[[ EXTRACTED RECORDS open ]]

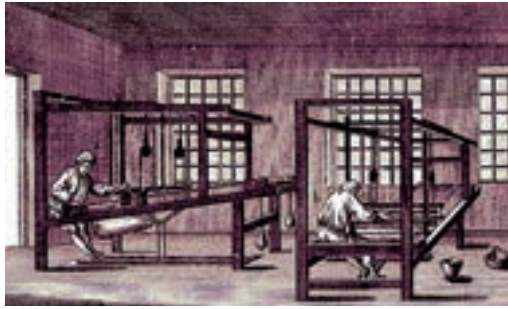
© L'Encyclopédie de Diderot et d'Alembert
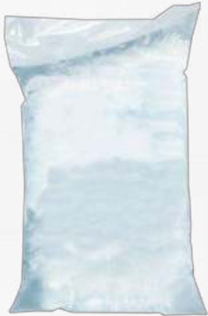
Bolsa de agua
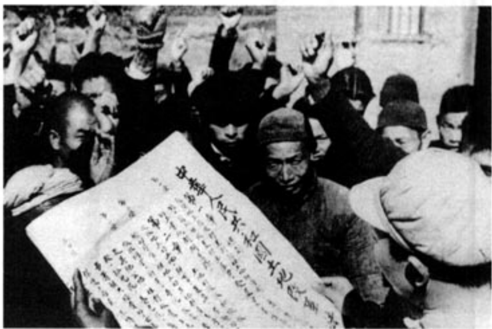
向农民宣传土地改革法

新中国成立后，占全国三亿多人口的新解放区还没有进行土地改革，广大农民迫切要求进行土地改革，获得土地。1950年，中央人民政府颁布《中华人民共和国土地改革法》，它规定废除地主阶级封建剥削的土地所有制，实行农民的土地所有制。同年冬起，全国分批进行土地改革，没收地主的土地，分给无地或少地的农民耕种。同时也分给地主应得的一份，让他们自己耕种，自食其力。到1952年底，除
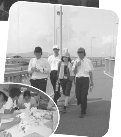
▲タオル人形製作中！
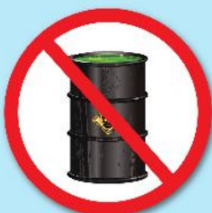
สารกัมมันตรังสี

[[ EXTRACTED RECORDS closed ]]
[[ EXTRACTED RECORDS open ]]

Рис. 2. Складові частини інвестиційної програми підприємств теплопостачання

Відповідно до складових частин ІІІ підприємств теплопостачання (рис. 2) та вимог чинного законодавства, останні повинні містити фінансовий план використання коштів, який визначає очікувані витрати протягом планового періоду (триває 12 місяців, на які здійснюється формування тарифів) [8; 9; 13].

[[ EXTRACTED RECORDS closed ]]

● ASSIGNMENT: Answer with one number only, the count of lines in the listing that hold the word "підприємств".

● EXPECTED ANSWER: 2